(SUPPLIED MATERIAL begins)
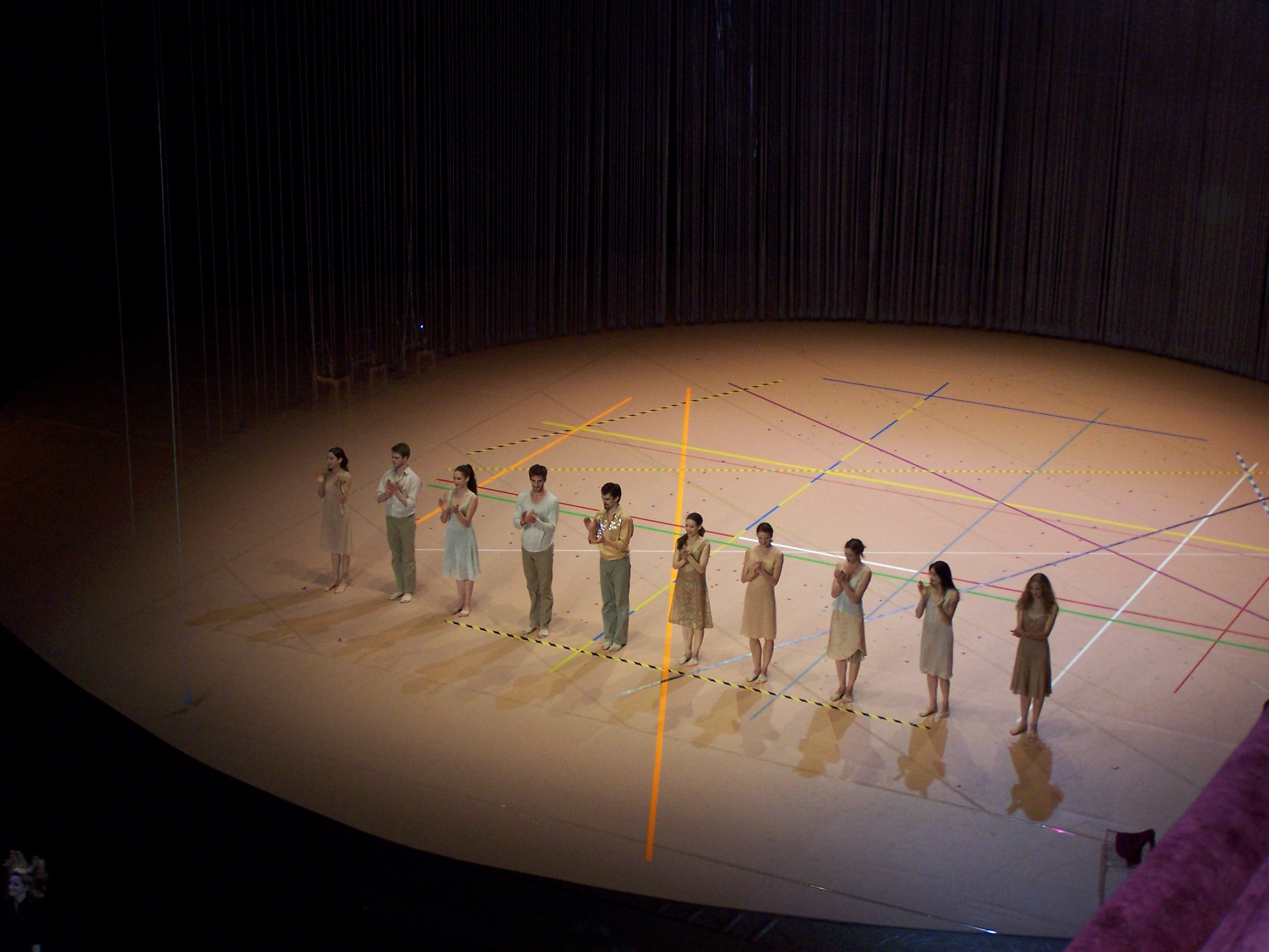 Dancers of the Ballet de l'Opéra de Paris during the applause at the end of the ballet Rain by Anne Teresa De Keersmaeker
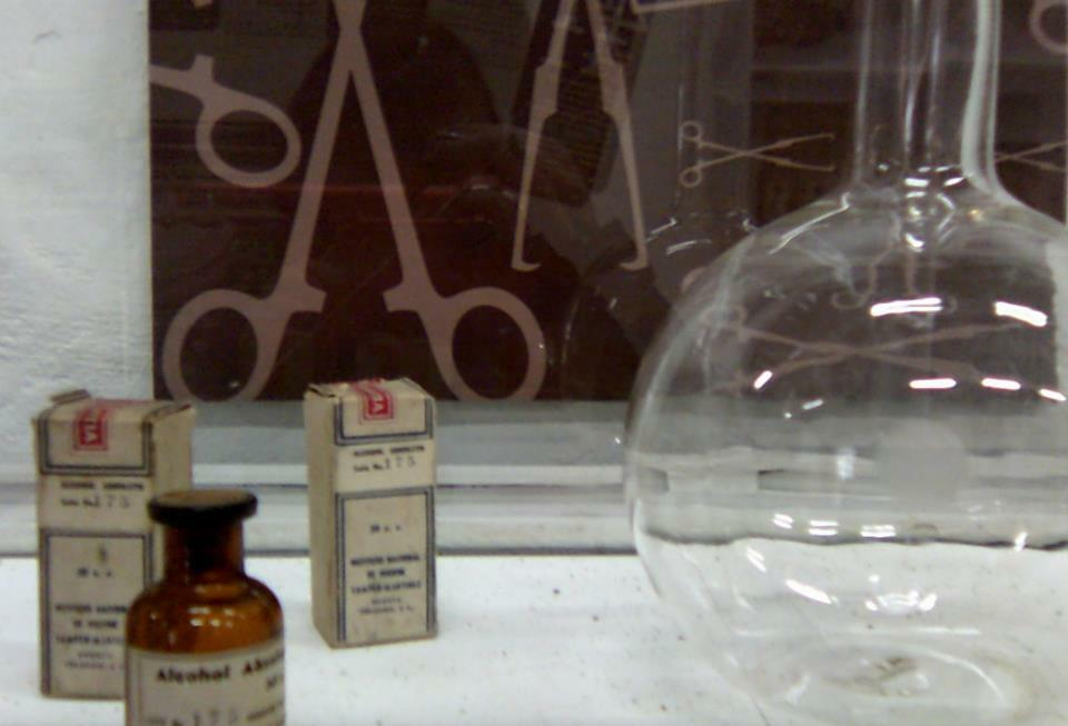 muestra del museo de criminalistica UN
(SUPPLIED MATERIAL ends)
(SUPPLIED MATERIAL begins)
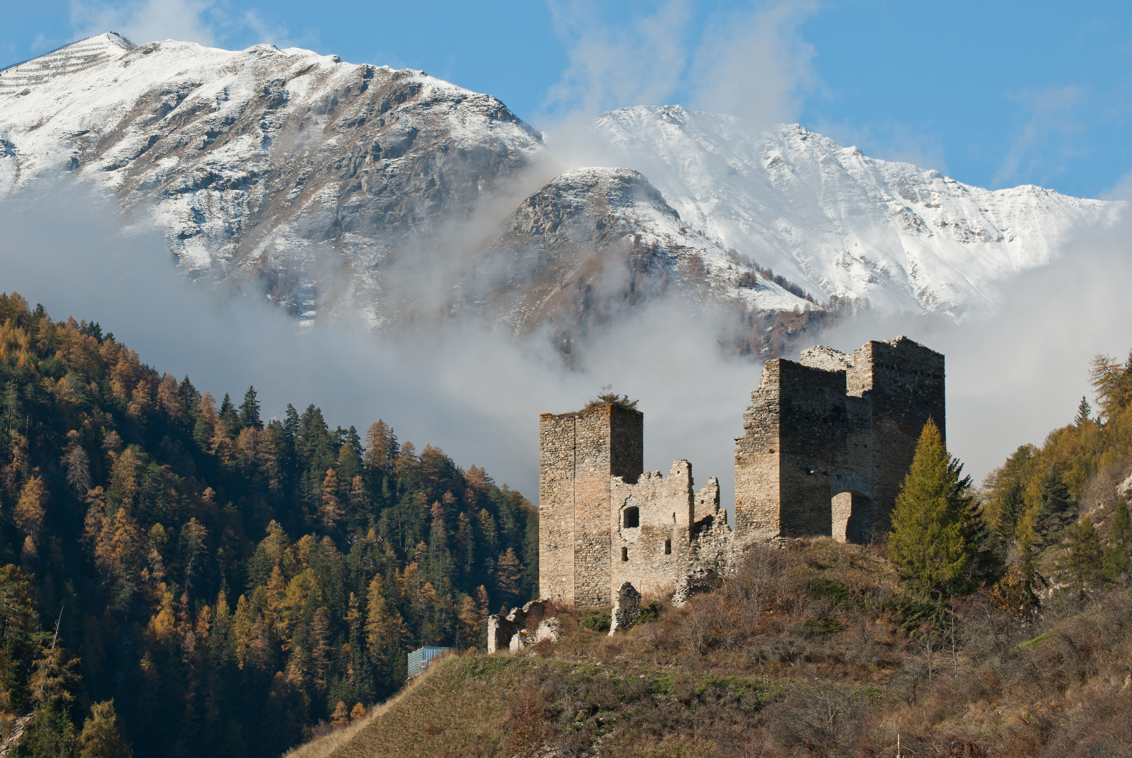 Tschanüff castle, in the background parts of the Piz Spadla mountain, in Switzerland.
(SUPPLIED MATERIAL ends)
Return exactly the part of the listing above that opens with the line containing "Dancers of the" and closes with the line containing "muestra del museo de criminalistica UN". Pictures stay out.

YOUR RESPONSE:
 Dancers of the Ballet de l'Opéra de Paris during the applause at the end of the ballet Rain by Anne Teresa De Keersmaeker
 muestra del museo de criminalistica UN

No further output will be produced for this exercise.